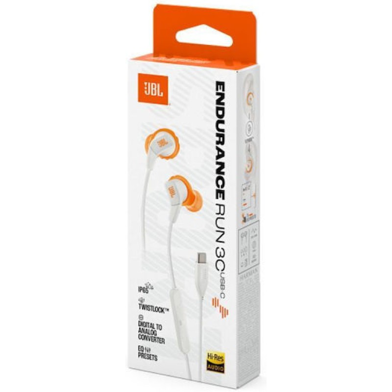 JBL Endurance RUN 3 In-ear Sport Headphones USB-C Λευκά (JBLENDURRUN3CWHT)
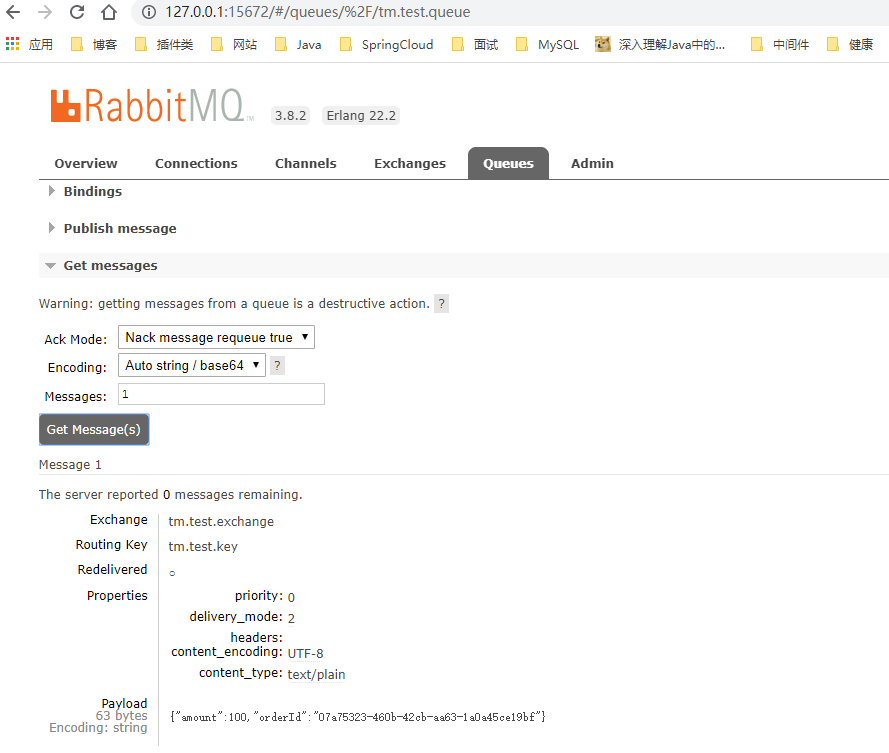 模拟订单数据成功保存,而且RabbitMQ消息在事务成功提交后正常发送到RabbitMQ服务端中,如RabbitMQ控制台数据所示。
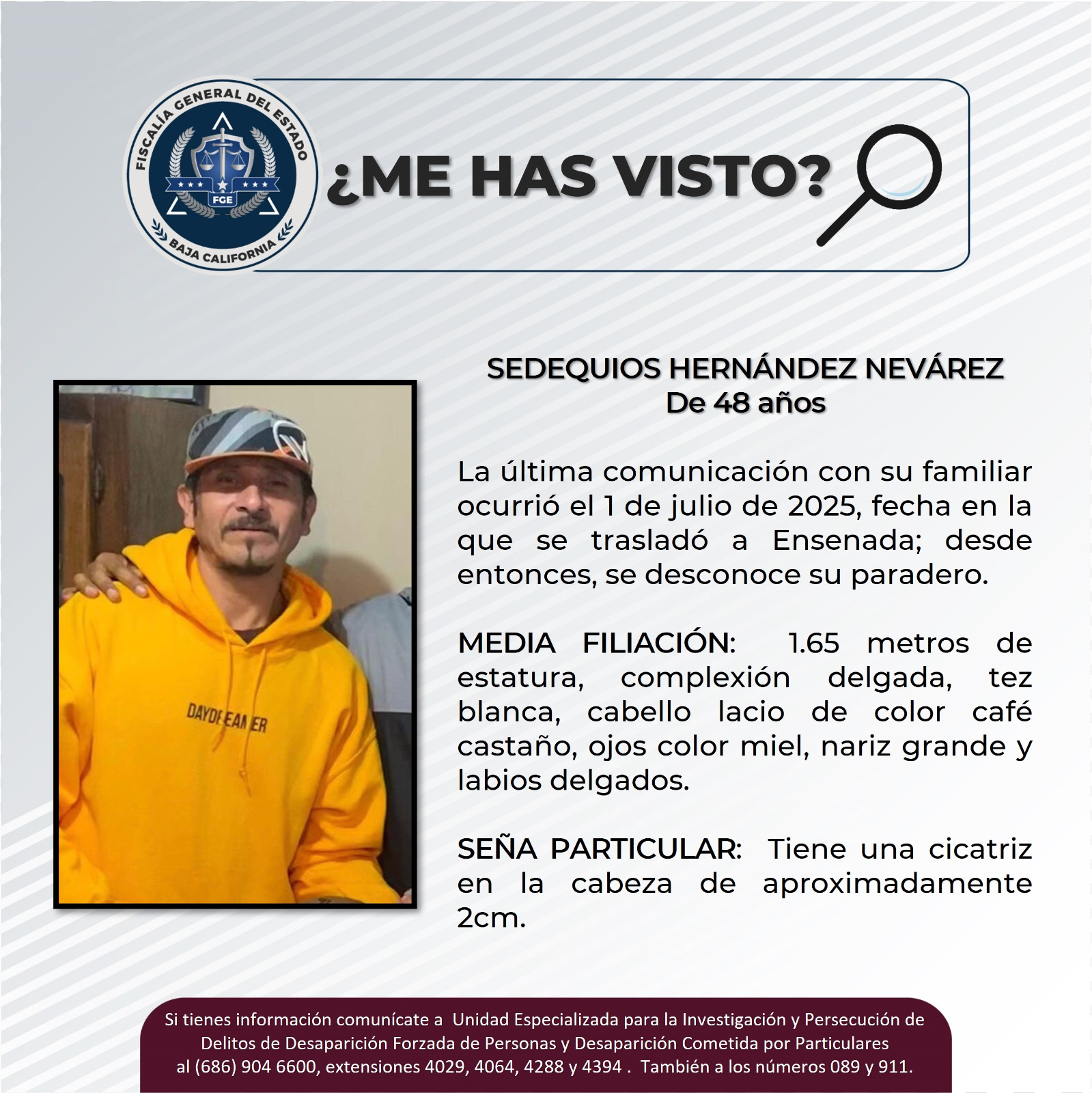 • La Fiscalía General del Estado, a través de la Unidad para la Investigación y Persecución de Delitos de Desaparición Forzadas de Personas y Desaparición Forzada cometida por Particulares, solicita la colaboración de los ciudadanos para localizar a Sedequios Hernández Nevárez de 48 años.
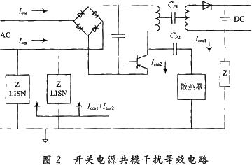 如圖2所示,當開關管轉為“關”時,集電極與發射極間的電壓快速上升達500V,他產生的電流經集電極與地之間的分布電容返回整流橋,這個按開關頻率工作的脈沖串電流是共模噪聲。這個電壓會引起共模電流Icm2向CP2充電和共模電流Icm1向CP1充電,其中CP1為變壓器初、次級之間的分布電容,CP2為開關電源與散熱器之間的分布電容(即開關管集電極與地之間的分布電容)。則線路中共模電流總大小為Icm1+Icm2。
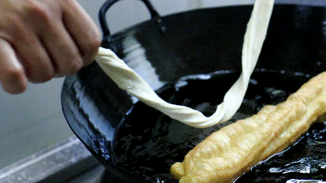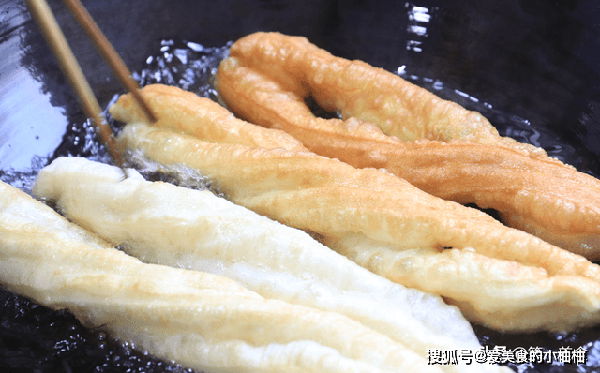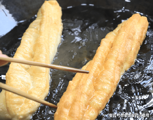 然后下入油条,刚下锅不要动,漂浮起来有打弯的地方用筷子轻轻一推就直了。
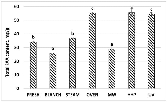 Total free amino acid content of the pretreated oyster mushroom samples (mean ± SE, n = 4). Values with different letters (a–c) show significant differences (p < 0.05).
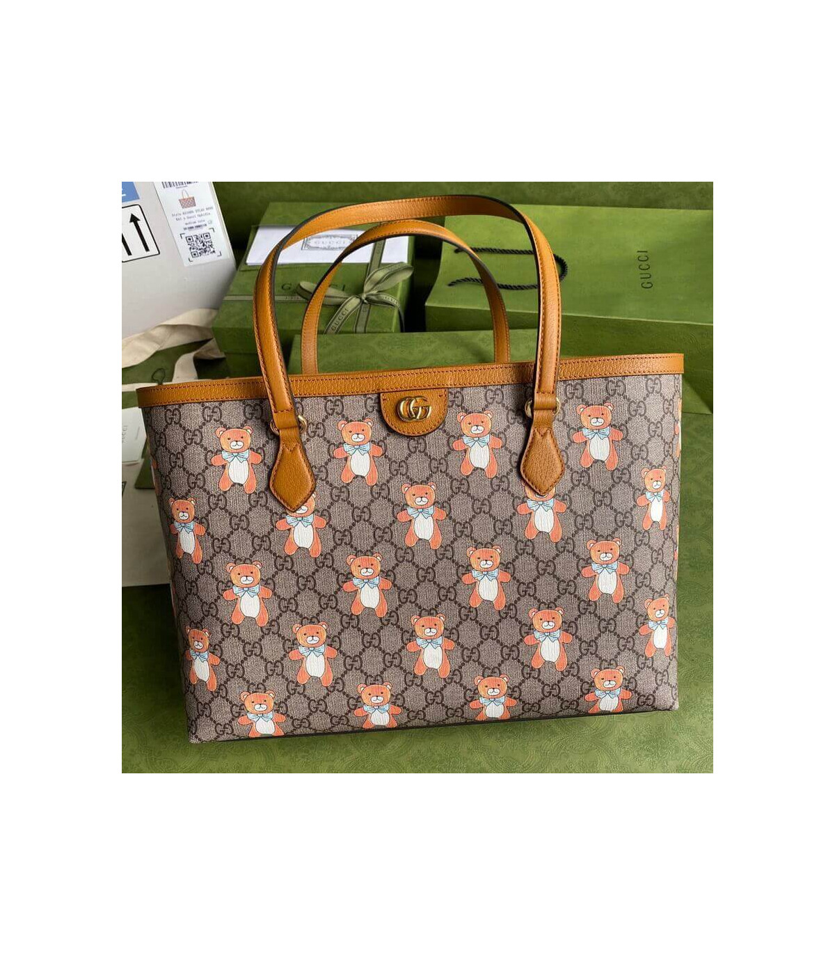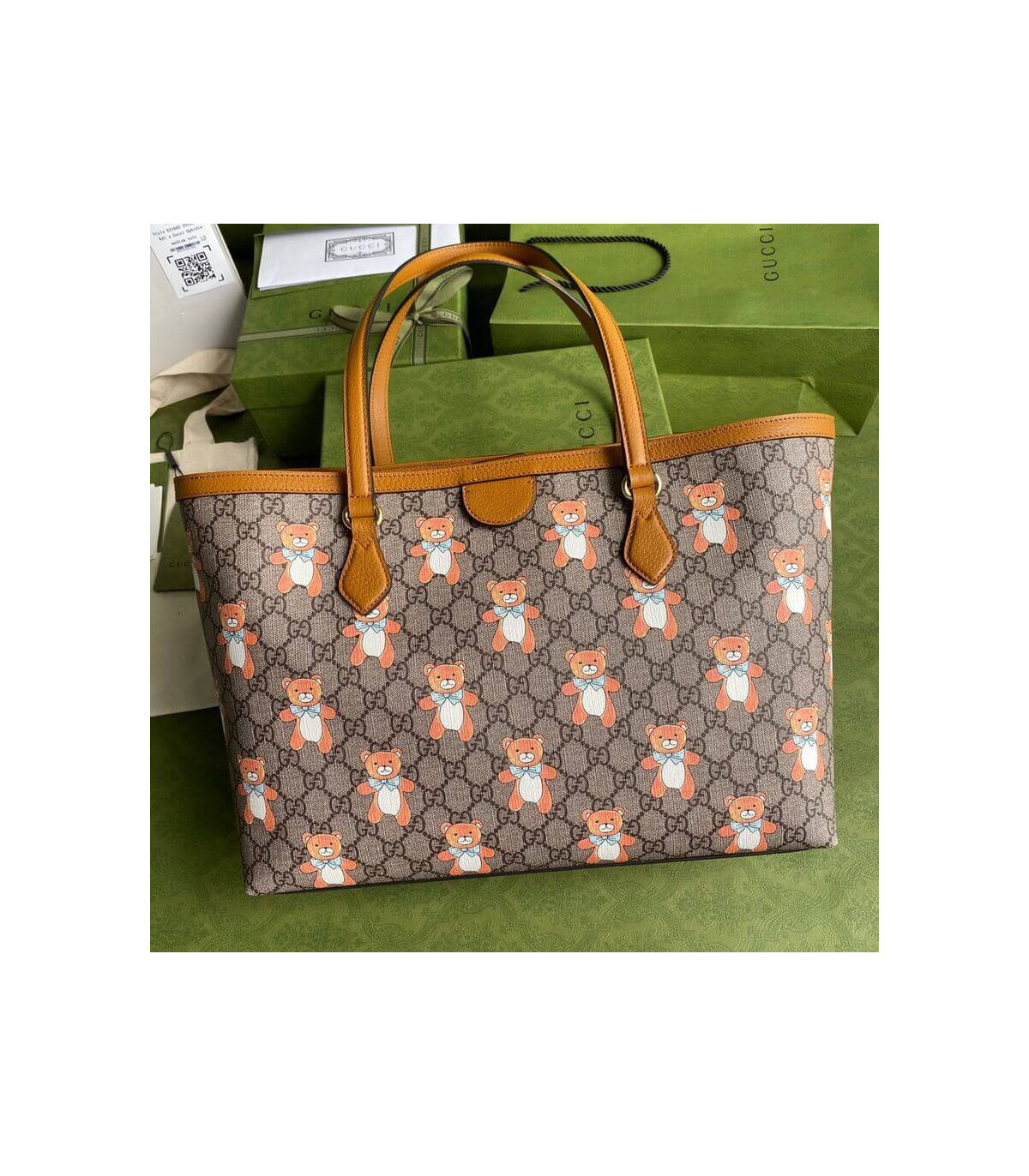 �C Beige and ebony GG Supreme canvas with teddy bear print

BRIEF
For each entry above, write it out again exactly but leave out any picture.

OUTPUT OF THE TASK
 JBL Endurance RUN 3 In-ear Sport Headphones USB-C Λευκά (JBLENDURRUN3CWHT)
 模拟订单数据成功保存,而且RabbitMQ消息在事务成功提交后正常发送到RabbitMQ服务端中,如RabbitMQ控制台数据所示。
 • La Fiscalía General del Estado, a través de la Unidad para la Investigación y Persecución de Delitos de Desaparición Forzadas de Personas y Desaparición Forzada cometida por Particulares, solicita la colaboración de los ciudadanos para localizar a Sedequios Hernández Nevárez de 48 años.
 如圖2所示,當開關管轉為“關”時,集電極與發射極間的電壓快速上升達500V,他產生的電流經集電極與地之間的分布電容返回整流橋,這個按開關頻率工作的脈沖串電流是共模噪聲。這個電壓會引起共模電流Icm2向CP2充電和共模電流Icm1向CP1充電,其中CP1為變壓器初、次級之間的分布電容,CP2為開關電源與散熱器之間的分布電容(即開關管集電極與地之間的分布電容)。則線路中共模電流總大小為Icm1+Icm2。
 然后下入油条,刚下锅不要动,漂浮起来有打弯的地方用筷子轻轻一推就直了。
 Total free amino acid content of the pretreated oyster mushroom samples (mean ± SE, n = 4). Values with different letters (a–c) show significant differences (p < 0.05).
 �C Beige and ebony GG Supreme canvas with teddy bear print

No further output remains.